Richard Hindmarsh is Associate Professor in Griffith School of Environment, and Centre for Governance and
Public Policy (Griffith University, Australia); in Environmental Politics and Policy, and Science, Technology
and Society studies. He is also co-founder and convenor (2010-12) of the Asia-Pacific Science, Technology
and Society Network. He has produced six books and four special journal issues. Recent books include
Edging towards BioUtopia: a New Politics of Life and the Democratic Challenge (UWAP 2008)—a
foundational critical text on GMO regulation in Australia; and the edited volume Genetic Suspects: Global
Governance of Forensic DNA Profiling and Databasing (eds. with Barbara Prainsack, CUP UK 2010).
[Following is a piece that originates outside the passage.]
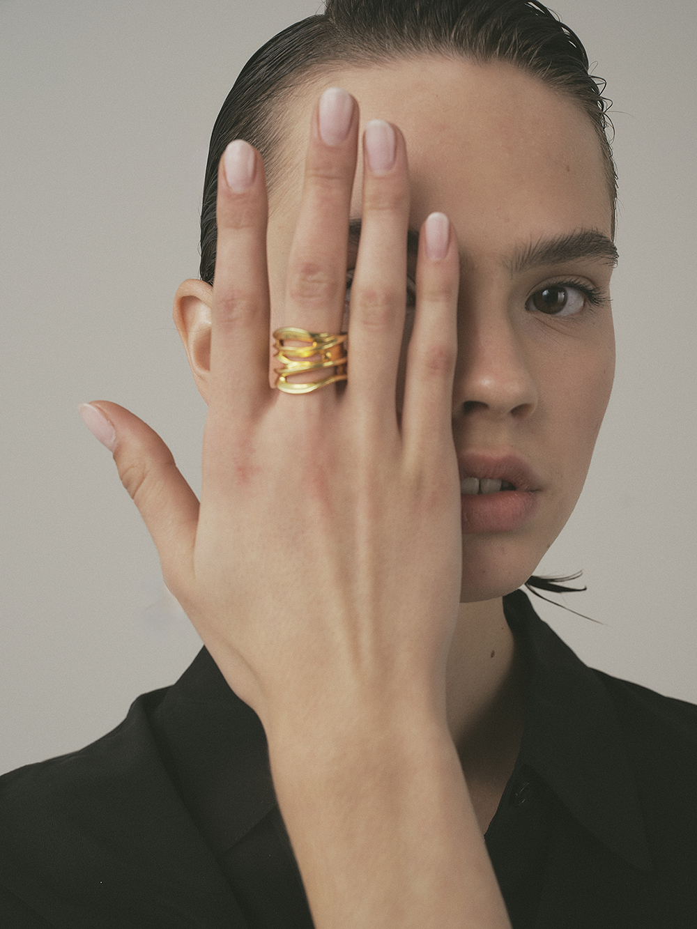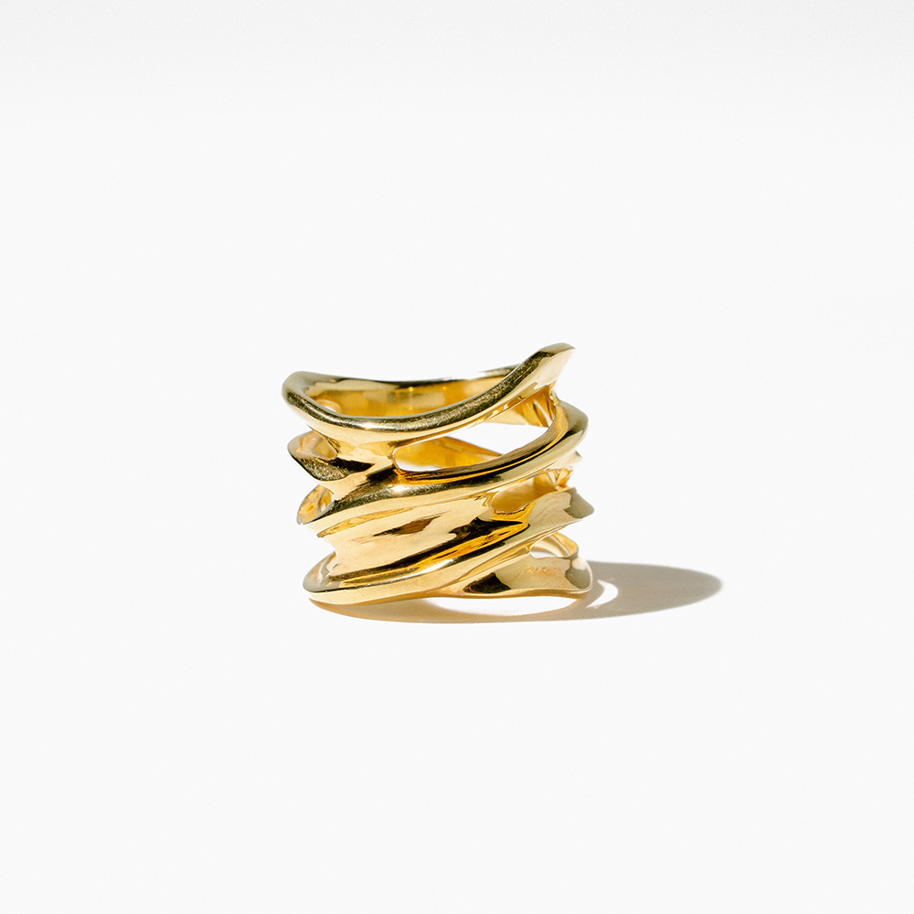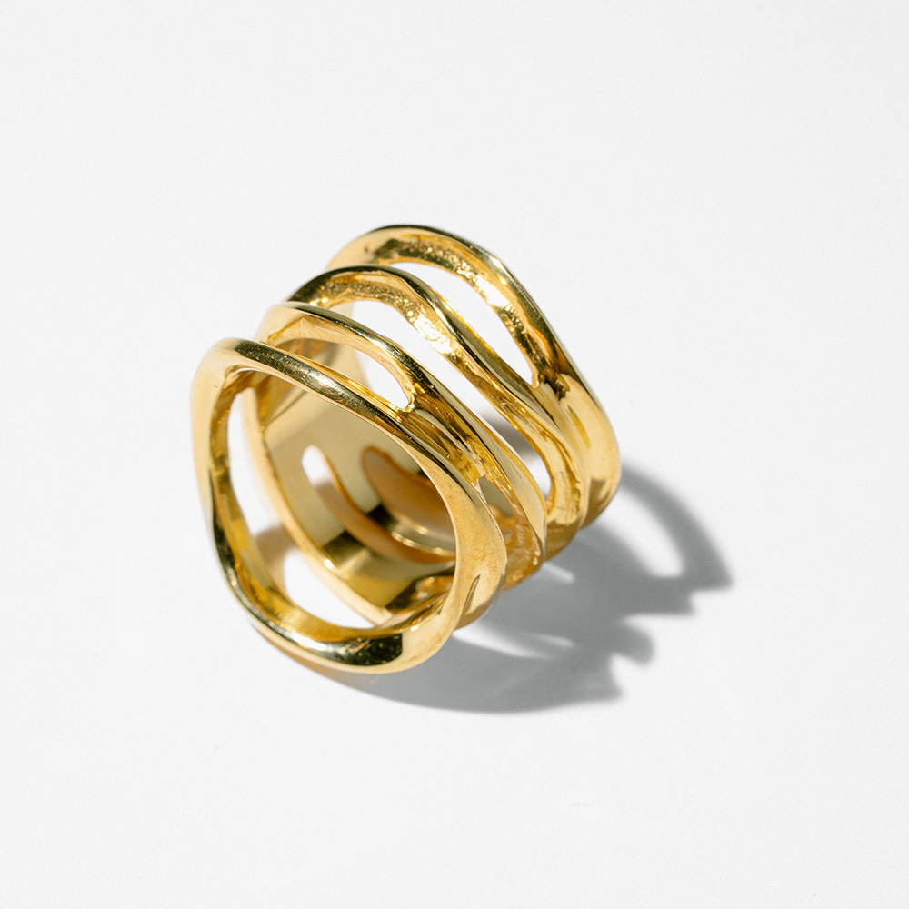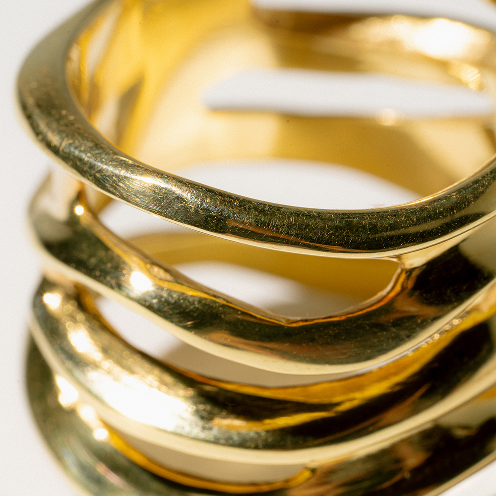 A celebration of inspired thought, Flux is a dynamic dance of wavy rings, crafted in gold-plated recycled sterling silver. Some rings stack closely, rooted in experience, while others float freely, tracing paths of curiosity and imagination. Each undulation captures the rhythm of a mind that draws strength from the grounded and yet soars into the playful unknown. Together, they embody the joy of discovering possibilities where others see obstacles, a reminder that true insight comes from balance — the harmony of steady roots and unbounded flight.

He
focuses on socio-technical systems at the intersection of their socio-political, policy and environmental
issues, including genetically modified organisms; forensic DNA technologies; sustainable water systems;
and wind farms. The latter has led to broader interest in major facility siting posing ‘radical change’ on local
communities. Current research on wind farms is supported by the Australian Research Council, which has
seen keynote participation in two Asia-Pacific regional conferences this year, and invited panelist to the
(October) 2011 European Future Energy Forum. He has recently submitted a book proposal on the
Fukushima Daiichi nuclear disaster, and is currently on a six-week international field trip probing
community engagement trends around wind farms for more inclusive avenues to achieve both better
community outcomes and renewable energy transitions.